Here is the blurb about local policies from libspf-alt's spf.h include
file: (See
http://www.midwestcs.com/spf/libspf-alt/libspf_alt-0.4.0/lib/spf_alt/spf.h )


/*
* Several of the SPF specifications support a "local policy" option.
* This is both very important, and not particularly obvious how it
* works.
*
* Email may come from many sources, sometimes these sources are not
* direct, and not all of these indirect sources correctly rewrite the
* envelope-from to specify the new domain that is resending the
* email. This can happen on incorrectly configured mailing lists, or
* from people who have set up unix-like .forward files.
*
* Often, you want to accept these emails, even if they would
* technically fail the SPF check. So, you can set up a "local
* policy" that lists these sources of known-ok emails. If a local
* policy is set, it will allow you to whitelist these sources. There
* is a default globally maintained whitelist of known trusted email
* forwarders that is generally a good idea to use.
*
* SPF checks that pass due to local policies will be noted in the
* messages generated from SPF_result(). As such, it is best if the
* local policy option is check only right before the SPF check is
* sure to fail.
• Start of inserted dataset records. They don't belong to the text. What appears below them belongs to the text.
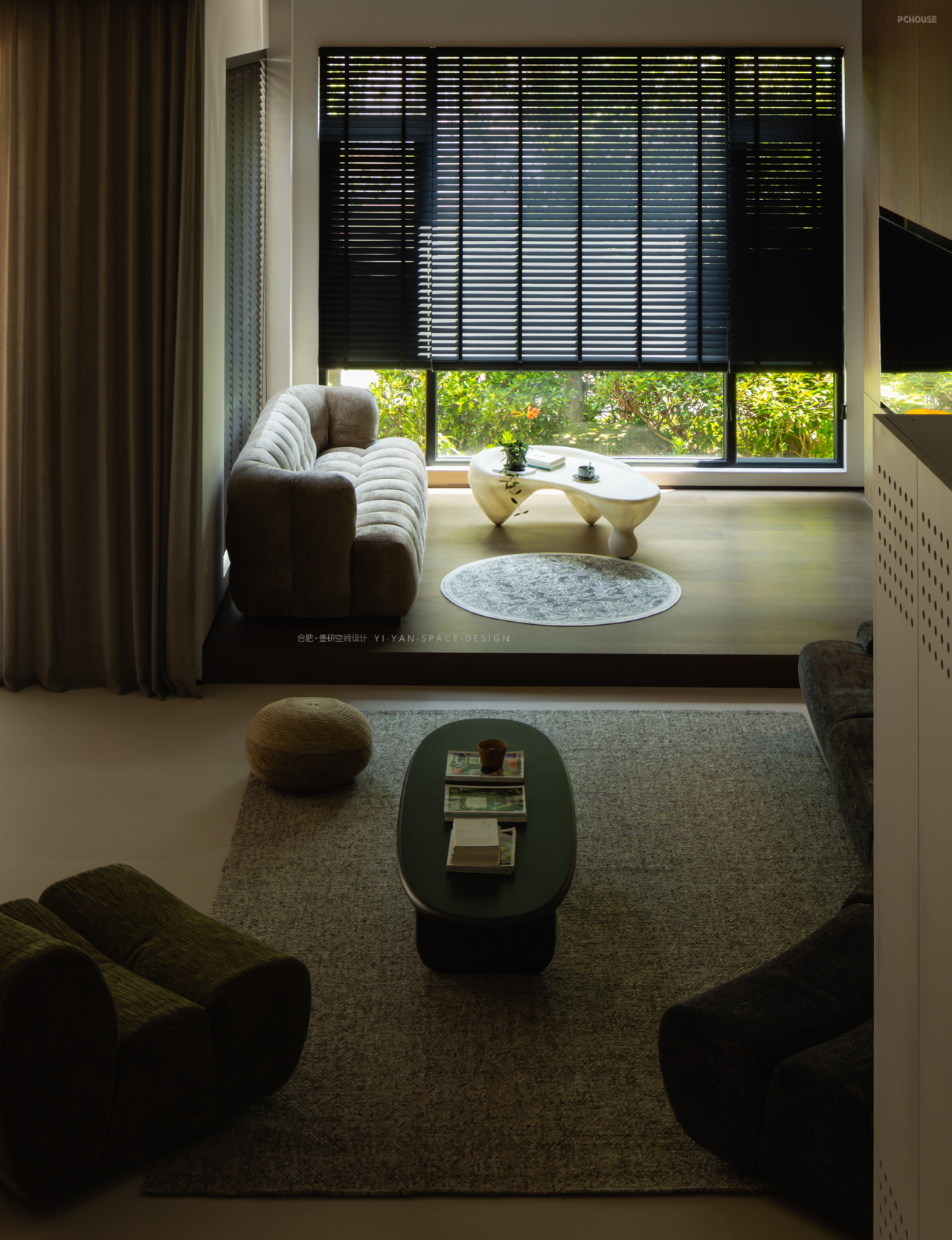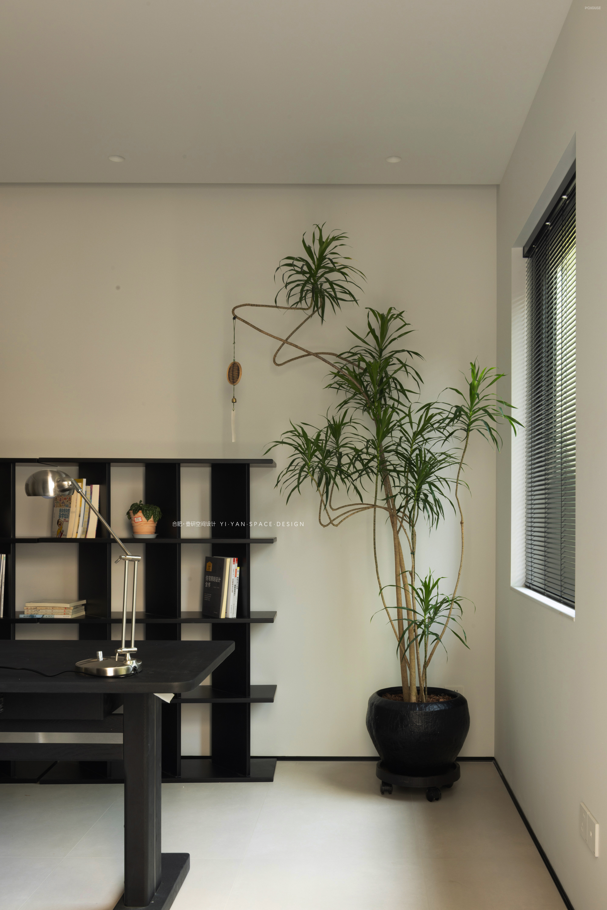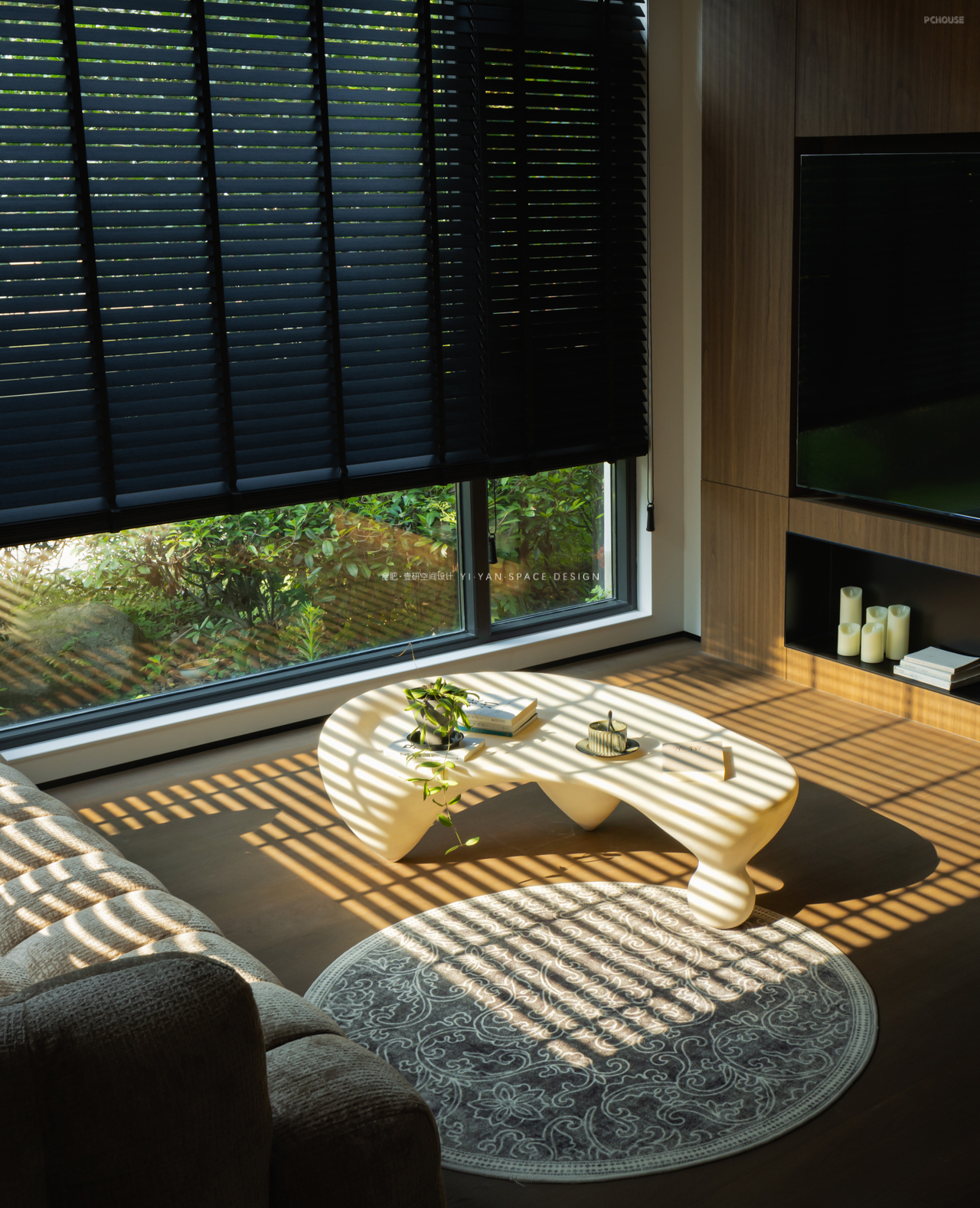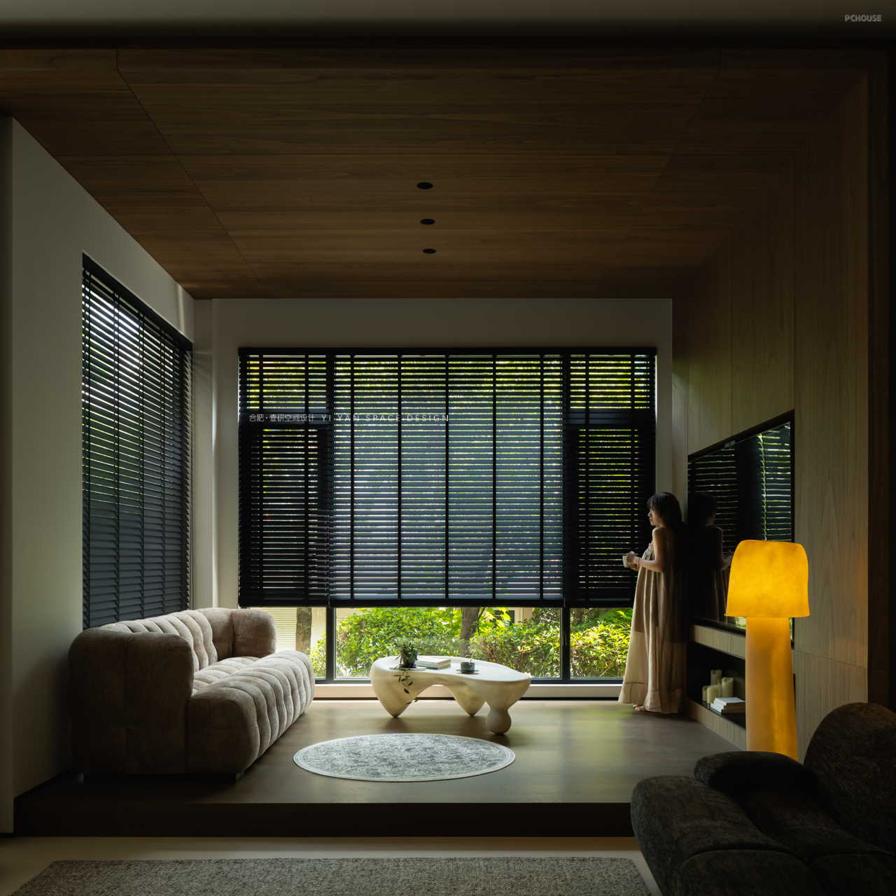 黑色百叶帘切割出的光影,白色茶几上的半杯余温,深色沙发旁的落地灯…每一处细节都在诉说:生活不必喧哗,宁静自有力量。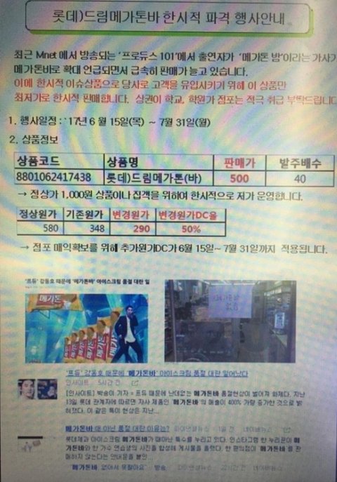 편의점 GS25 측은 최근 점포주들에게 '롯데 드림 메가톤바 한시적 파격 행사안내'라며 "Mnet '프로듀스101' 시즌2에서 출연자(강동호)의 가사 '메가톤 밤'이 메가톤바로 확대 언급되면서 급속히 판매가 늘고 있다. 한시적 이슈상품으로 당사로 고객을 유입시키기 위해 최저가 판매한다"고 알렸다.
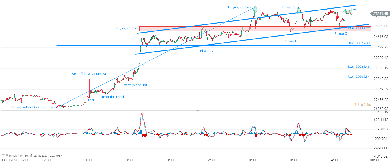 Si observamos el precio del propio Bitcoin, en el intervalo M30, vemos que la mayor de las criptomonedas se encuentra ahora potencialmente en un patrón de distribución Wyckoff bajista. La oferta se ha disparado tres veces después de repuntes fallidos hasta los 38.000 dólares, frenando el repunte de gran volumen, y potencialmente. Una zona clave para detener eventualmente la presión a la baja puede ser $35,000, donde vemos el retroceso de Fibonacci de 23,6 de la onda ascendente de octubre, y potencialmente una ubicación clave para toda la distribución de Wyckoff. Una caída por debajo de este nivel podría presagiar una liquidación y desencadenar la liquidación de posiciones largas. Por otro lado, un repunte por encima de los 38.000 dólares puede indicar que la distribución falló y abrió paso a una resistencia psicológicamente importante de los 40.000 dólares.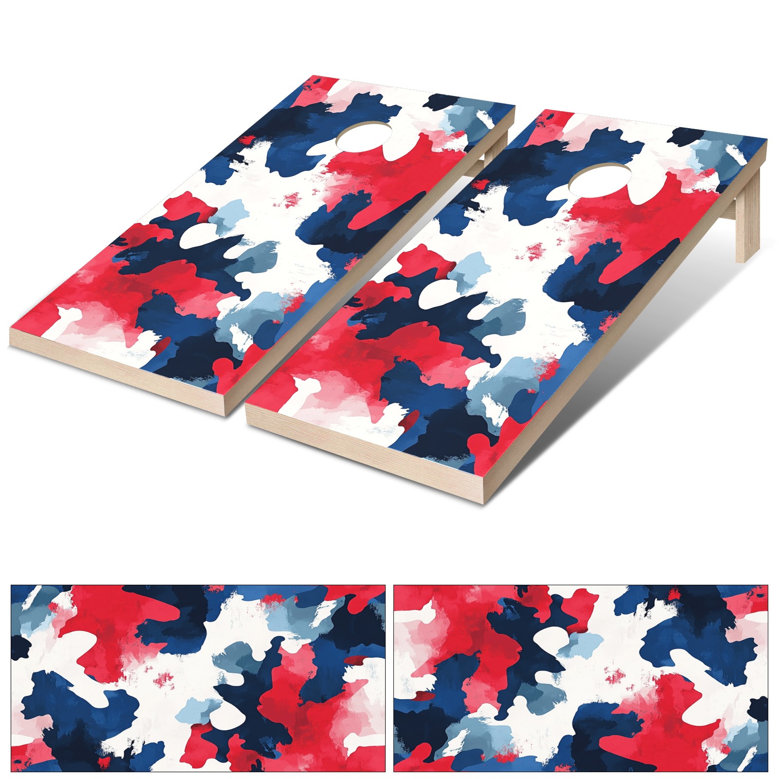 Portable 4x2 Cornhole Set with Two-piece Pack Boards - Cornhole Game Sticker Included - Yard Travel Outdoor Toss Board for Adults Outside Activities Red Blue Camouflage Pattern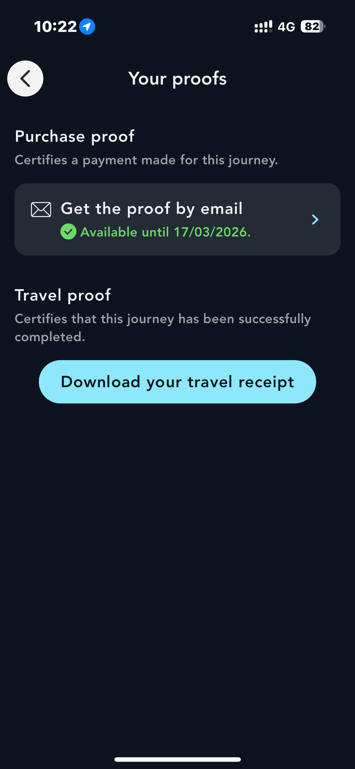 Some carriers (EUROSTAR, OUIGO, FLIXBUS, BLABLACAR BUS) do not issue travel proofs.

SPF records that say that a domain never sends email
* should not do any checking of the local policy.
*
* The exact spot in the evaluation of the SPF record was defined in a
* message sent to the SPF-devel mailing list. It said in part:
*
* Philip Gladstone says:
* Message-ID: <400B56AB.30702@gladstonefamily.net>
* Date: Sun, 18 Jan 2004 23:01:47 -0500
*
*
* I think that the localpolicy should only be inserted if the
* final mechanism is '-all', and it should be inserted after
* the last mechanism which is not '-'.
*
* Thus for the case of 'v=spf1 +a +mx -all', this would be
* interpreted as 'v=spf1 +a +mx +localpolicy -all'. Whereas
* 'v=spf1 -all' would remain the same (no non-'-'
* mechanism). 'v=spf1 +a +mx -exists:%stuff -all' would
* become 'v=spf1 +a +mx +localpolicy -exists:%stuff -all'.
*
*
* This local policy string can be any string with macro variables
* included. It is first byte compiled, and then the result can be
* set in the configuration.
*/

The actual code that implements this policy can be found in

http://www.midwestcs.com/spf/libspf-alt/libspf_alt-0.4.0/lib/spf_alt/spf_eval_id.c
Search for references to the string "local_policy"


-wayne

-------
To unsubscribe, change your address, or temporarily deactivate your subscription,
please go to http://v2.listbox.com/member/?listname=spf-devel@v2.listbox.com

Wayne wrote (quoting spf.h):

> * I think that the localpolicy should only be inserted if the
> * final mechanism is '-all', and it should be inserted after
> * the last mechanism which is not '-'.
> *
> * Thus for the case of 'v=spf1 +a +mx -all', this would be
> * interpreted as 'v=spf1 +a +mx +localpolicy -all'. Whereas
> * 'v=spf1 -all' would remain the same (no non-'-'
> * mechanism). 'v=spf1 +a +mx -exists:%stuff -all' would
> * become 'v=spf1 +a +mx +localpolicy -exists:%stuff -all'.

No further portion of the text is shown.